Start of Block

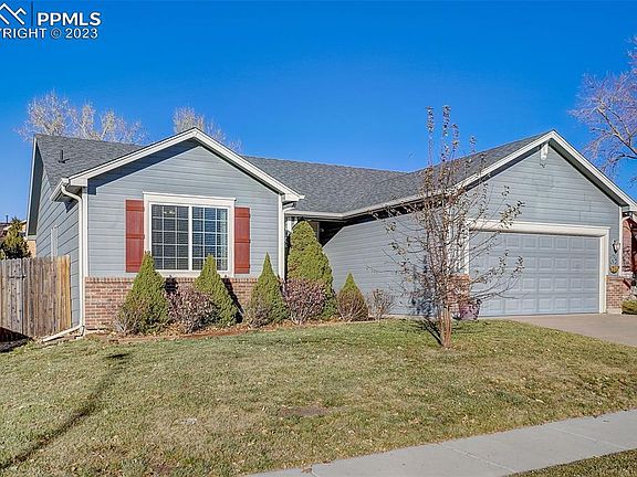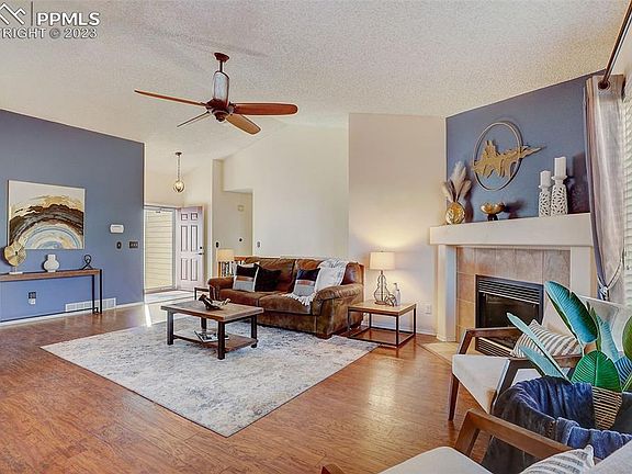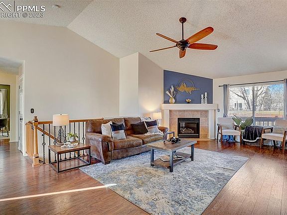 Main Level Living with sophistication! This gorgeous ranch style home features a coveted floor plan with three bedrooms plus an office/flex space, and three bathrooms, tastefully updated. Be welcomed by hummingbirds in the morning! The backyard is a private haven with awe-inspiring Pikes Peak views and a special touch – a dog run affectionately named "Poo Platz." As you step into this enchanting home, the open living room extends a warm welcome with gleaming wood floors that gracefully traverse the main level. The updated kitchen features granite counters, stainless steel appliances including a double convection oven, a capacious pantry, and an abundance of cabinet and counter space. Connecting seamlessly to the walk-out dining area, it sets the stage for delightful gatherings, truly. The primary suite is a sanctuary, featuring an elegantly updated ensuite bathroom with custom tile flooring, new fixtures, a double vanity, and a jetted tub and walk-in closet. The main level hosts two bedrooms, a convenient office, and not to be overlooked, one of the most beautiful guest baths. Venture downstairs to discover a private guest bedroom, an entertainment room complete with pool table for a fun night in (can be modified into a 4th bedroom). Recently stained and spacious wood deck with a beautiful water fountain/bird bath and storage shed. Enjoy roses in late summer. This home offers easy access to shopping, entertainment, and restaurants, while being just minutes away from Fort Carson, Schriever, and Peterson AFB. Make this move-in ready home yours.
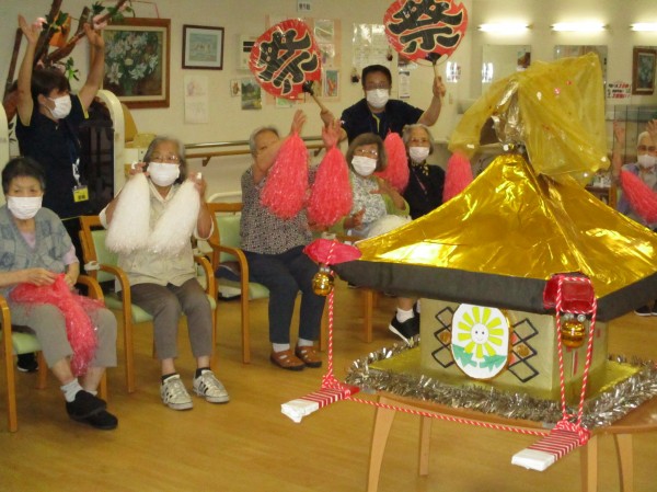 まずはいきいきリズム体操を盆踊りの曲に合わせ実施しました。ポンポンや祭りの団扇や御神輿で、みんなで、
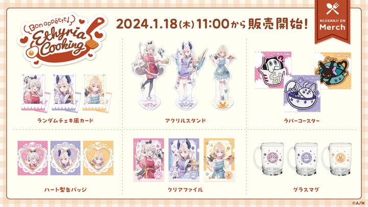 - VTuberプロジェクト「NIJISANJI EN」のユニット『Ethyria』の「Ethyria Cooking bon appétit!」グッズが発売される
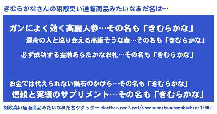 | 肩書あだ名 | 『きむらかな上級大将』『きむらかな社長』 |
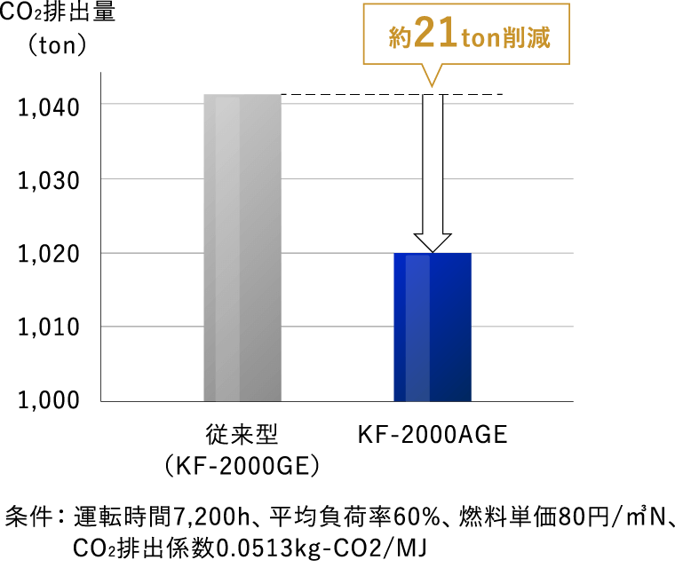 ※KF2t/h×1缶と従来ボイラ効率96%小型貫流ボイラ2t/h×1缶の比較。平均負荷60%、7,200h/年

End of Block

> _Task item_: Each record above goes into the copy unchanged; the pictures do not.

> _Response area_:
 Main Level Living with sophistication! This gorgeous ranch style home features a coveted floor plan with three bedrooms plus an office/flex space, and three bathrooms, tastefully updated. Be welcomed by hummingbirds in the morning! The backyard is a private haven with awe-inspiring Pikes Peak views and a special touch – a dog run affectionately named "Poo Platz." As you step into this enchanting home, the open living room extends a warm welcome with gleaming wood floors that gracefully traverse the main level. The updated kitchen features granite counters, stainless steel appliances including a double convection oven, a capacious pantry, and an abundance of cabinet and counter space. Connecting seamlessly to the walk-out dining area, it sets the stage for delightful gatherings, truly. The primary suite is a sanctuary, featuring an elegantly updated ensuite bathroom with custom tile flooring, new fixtures, a double vanity, and a jetted tub and walk-in closet. The main level hosts two bedrooms, a convenient office, and not to be overlooked, one of the most beautiful guest baths. Venture downstairs to discover a private guest bedroom, an entertainment room complete with pool table for a fun night in (can be modified into a 4th bedroom). Recently stained and spacious wood deck with a beautiful water fountain/bird bath and storage shed. Enjoy roses in late summer. This home offers easy access to shopping, entertainment, and restaurants, while being just minutes away from Fort Carson, Schriever, and Peterson AFB. Make this move-in ready home yours.
 まずはいきいきリズム体操を盆踊りの曲に合わせ実施しました。ポンポンや祭りの団扇や御神輿で、みんなで、
 - VTuberプロジェクト「NIJISANJI EN」のユニット『Ethyria』の「Ethyria Cooking bon appétit!」グッズが発売される
 | 肩書あだ名 | 『きむらかな上級大将』『きむらかな社長』 |
 ※KF2t/h×1缶と従来ボイラ効率96%小型貫流ボイラ2t/h×1缶の比較。平均負荷60%、7,200h/年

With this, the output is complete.